**Work order**.
In the data below, find the line containing "- You will see your IBAN, bank name, BIC" and the line containing "IT之家 4 月 10", then reproduce them and every line between, exactly. Omit pictures.

**Supplied information**.

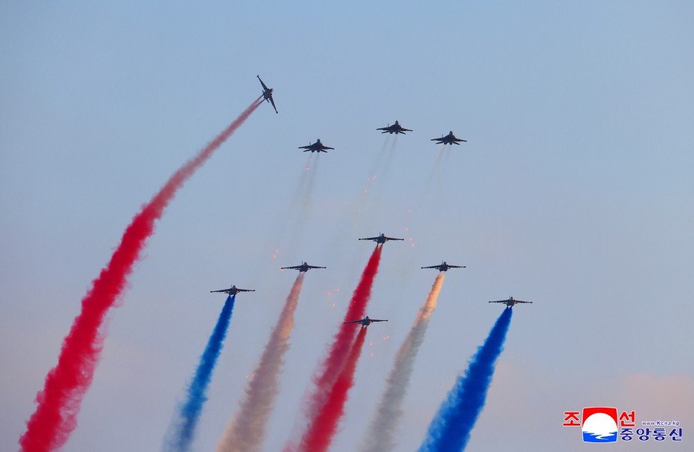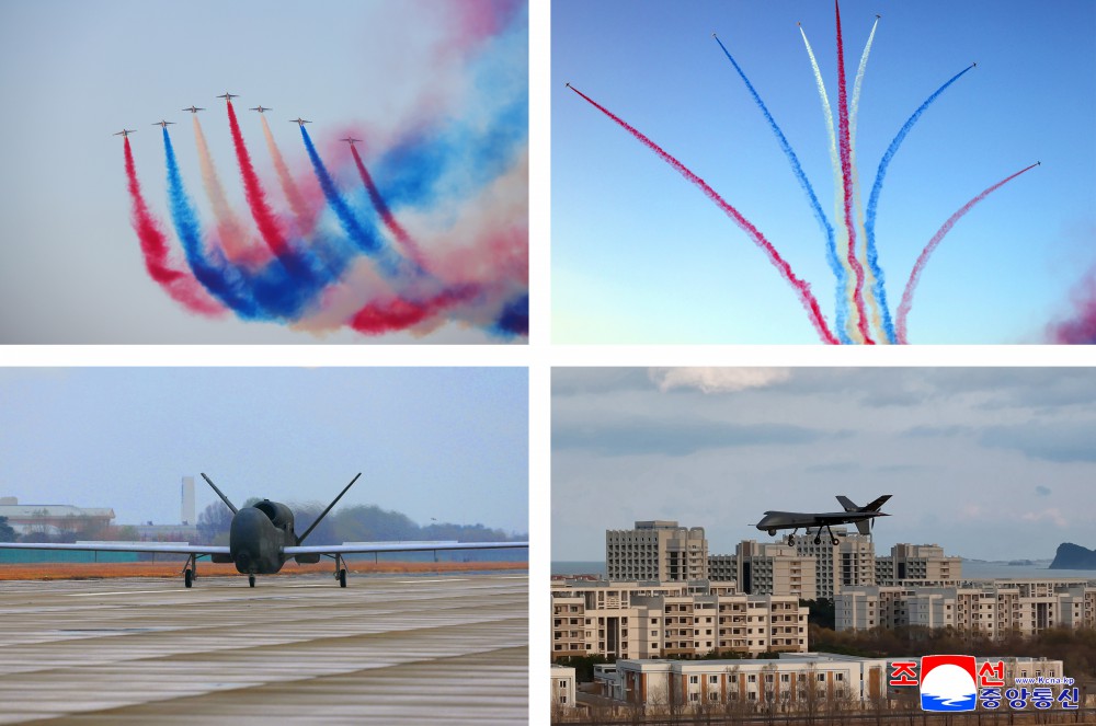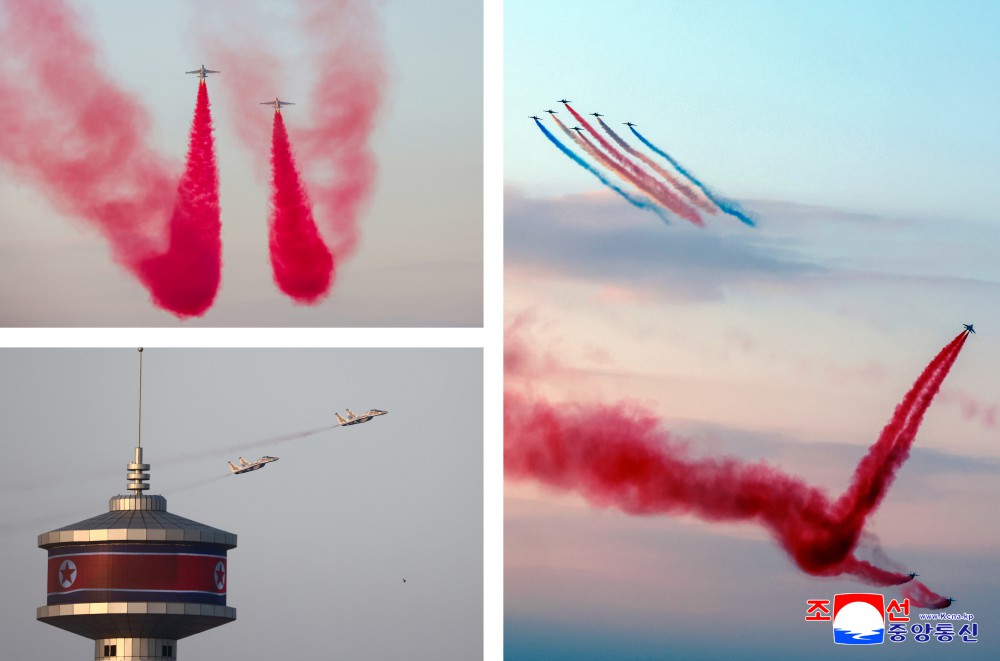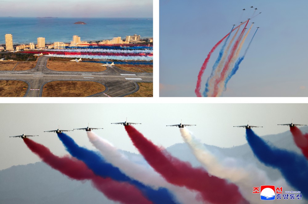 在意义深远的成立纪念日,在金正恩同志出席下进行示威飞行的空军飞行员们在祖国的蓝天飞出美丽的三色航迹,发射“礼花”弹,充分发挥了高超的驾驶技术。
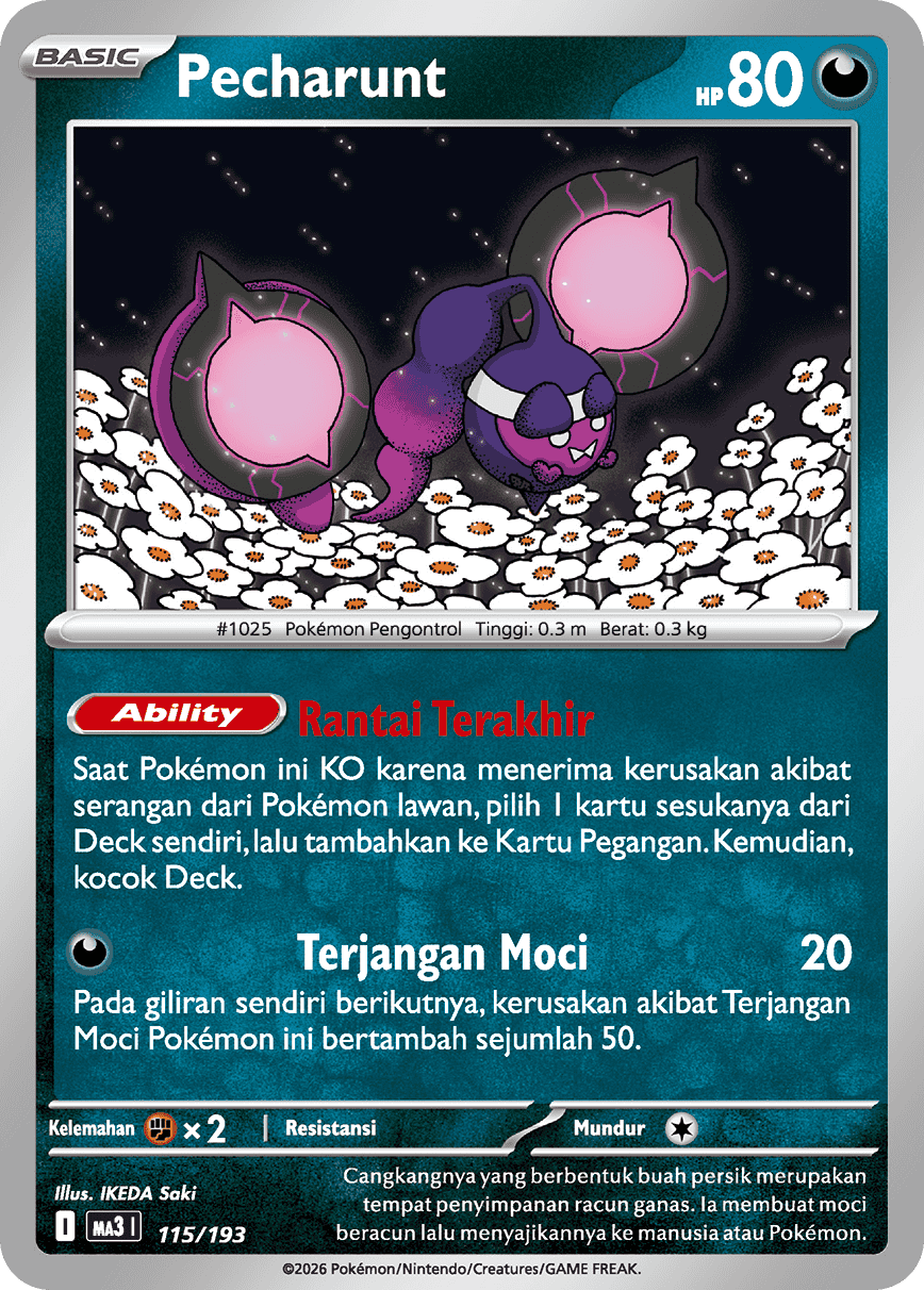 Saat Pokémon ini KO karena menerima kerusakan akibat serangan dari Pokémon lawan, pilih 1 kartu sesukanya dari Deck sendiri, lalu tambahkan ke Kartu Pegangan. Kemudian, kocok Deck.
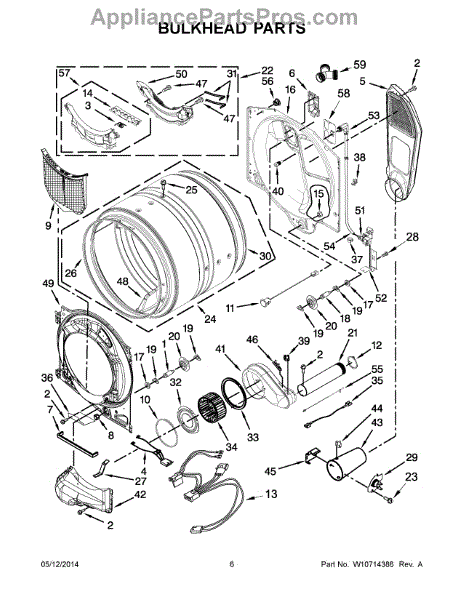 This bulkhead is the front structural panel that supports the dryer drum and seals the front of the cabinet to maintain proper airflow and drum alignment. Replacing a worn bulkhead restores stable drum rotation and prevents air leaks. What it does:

==

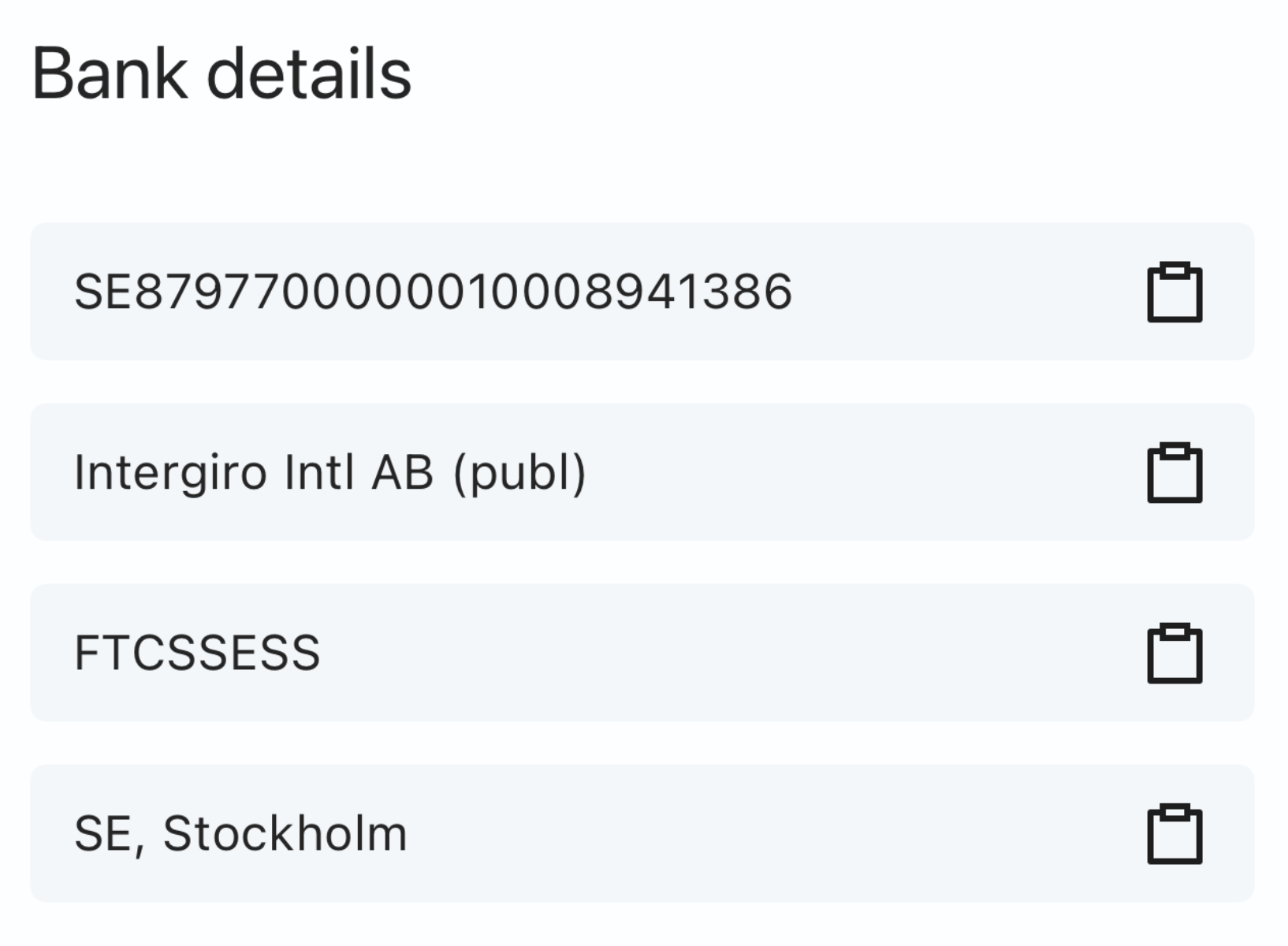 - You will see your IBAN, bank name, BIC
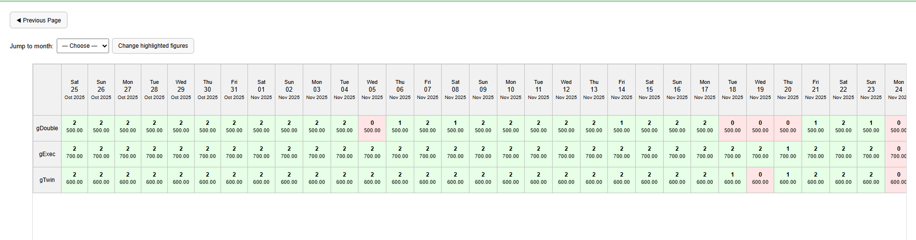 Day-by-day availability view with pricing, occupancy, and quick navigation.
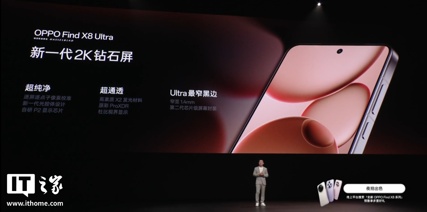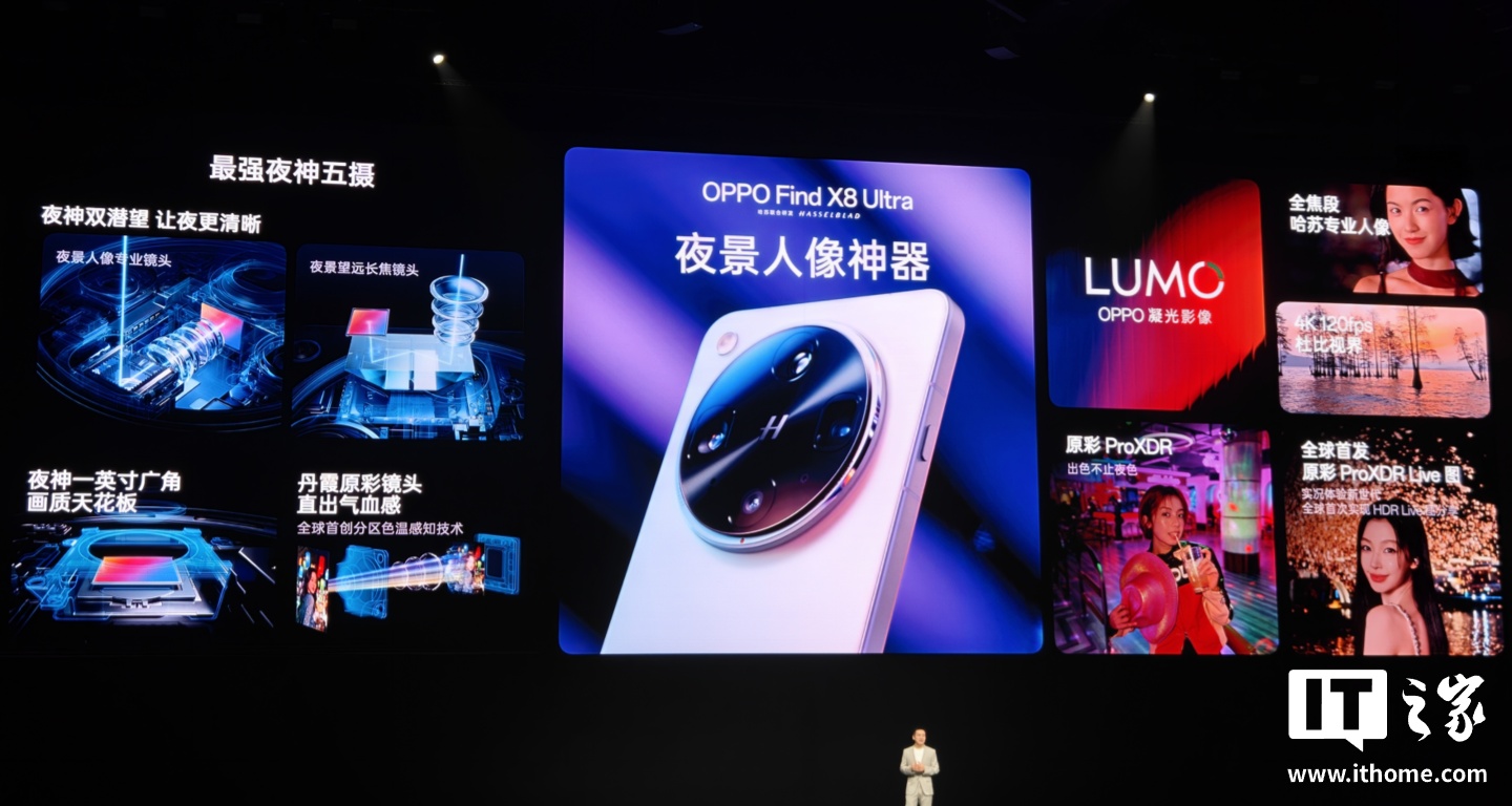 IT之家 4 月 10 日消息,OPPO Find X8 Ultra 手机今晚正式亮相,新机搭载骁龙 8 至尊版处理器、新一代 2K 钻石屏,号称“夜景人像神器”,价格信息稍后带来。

**Expected answer**.
 - You will see your IBAN, bank name, BIC
 Day-by-day availability view with pricing, occupancy, and quick navigation.
 IT之家 4 月 10 日消息,OPPO Find X8 Ultra 手机今晚正式亮相,新机搭载骁龙 8 至尊版处理器、新一代 2K 钻石屏,号称“夜景人像神器”,价格信息稍后带来。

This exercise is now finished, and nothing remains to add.